Examples for Cons-Lists

Examples for Cons-Lists


3.2 Cons-Lists in Scala

Here’s an outline of a class hierarchy that represents lists of integers in this fashion:

package week4

trait IntList ...
class Cons(val head: Int, val tail: IntList) extends IntList ...
class Nil extends IntList ...

A list is either

  • an empty list new Nil, or
  • a list new Cons(x, xs) consisting of a head element x and a list xs .

Value Parameters

Note the abbreviation (val head: Int, val tail: IntList) in the definition of Cons .

This defines at the same time parameters and fields of a class.

It is equivalent to:

class Cons(_head: Int, _tail: IntList) extends IntList {
  val head = _head
  val tail = _tail
}

where _head and _tail are otherwise unused names.


Type Parameters

It seems too narrow to define only lists with Int elements.

We’d need another class hierarchy for Double list, and so on, one for each possible element type.

We can generalize the definition using a typing parameter:

package week4

trait List[T]
class Cons[T](val head: T, val tail: List[T]) extends List[T]
class Nil[T] extends List[T]

Type parameters are written in square brackets, e.g. [T].


Complete Definition of List

trait List[T] {
  def isEmpty: Boolean
  def head: T
  def tail: List[T]
}

class Cons[T](val head: T, val tail: List[T]) extends List[T] {
  def isEmpty = false
}

class Nil[T] extends List[T] {
  def isEmpty = true
  def head = throw new NoSuchElementException("Nil.head")
  def tail = throw new NoSuchElementException("Nil.tail")
}

Generic Functions

Like classes, functions can have type parameters.

For instance, here is a function that creates a list consisting of a single element.

def singleton[T](elem: T) = new Cons[T](elem, new Nil[T])

We can then write:

singleton[Int](1)
singleton[Boolean](true)

In fact, the Scala compiler can usually deduce the correct type parameters from the value arguments of a function call.

singleton(1)
singleton(true)

Types and Evaluation

Type parameters do not affect evaluation in Scala.

We can assume that all type parameters and type arguments are removed before evaluating the program.

This is also called type erasure.

Languages that use type erasure include Java, Scala, Haskell, ML, OCaml.

Some other languages keeps the type parameters around at run time, these include C++, C#, F#.


Polymorphism

Polymorphism means that a function type comes “in many forms”.

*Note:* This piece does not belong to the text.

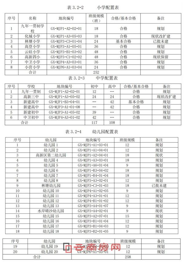 呈贡高新区教育规划配套表(数据源于2018年高新东区控详规)

In programming it means that

  • the function can be applied to arguments of many types, or
  • the type can have instances of many types

We have seen two principal forms of polymorphism:

  • subtyping: instances of a subclass can be passed to a base class
  • generics: instances of a function or class are created by type parameterization.

Exercise

Wirte a function nth that takes an integer n and a list and selects the n’th element of the list.

Elements are numbered from 0.

If index is outside the range from 0 up the length of the list minus one, a IndexOutOfBoundsException should be thrown.

package week4

trait List[T] {
  def isEmpty: Boolean
  def head: T
  def tail: List[T]
}

class Cons[T](val head: T, val tail: List[T]) extends List[T] {
  def isEmpty = false
}

class Nil[T] extends List[T] {
  def isEmpty = true
  def head = throw new NoSuchElementException("Nil.head")
  def tail = throw new NoSuchElementException("Nil.tail")
}
import week4._

def nth[T](n: Int, xs: List[T]): T =
  if (xs.isEmpty) throw new IndexOutOfBoundsException 
  else if (n == 0) xs.head
  else nth(n - 1, xs.tail)

val list = new Cons(1, new Cons(2, new Cons(3, new Nil)))

nth(2, list)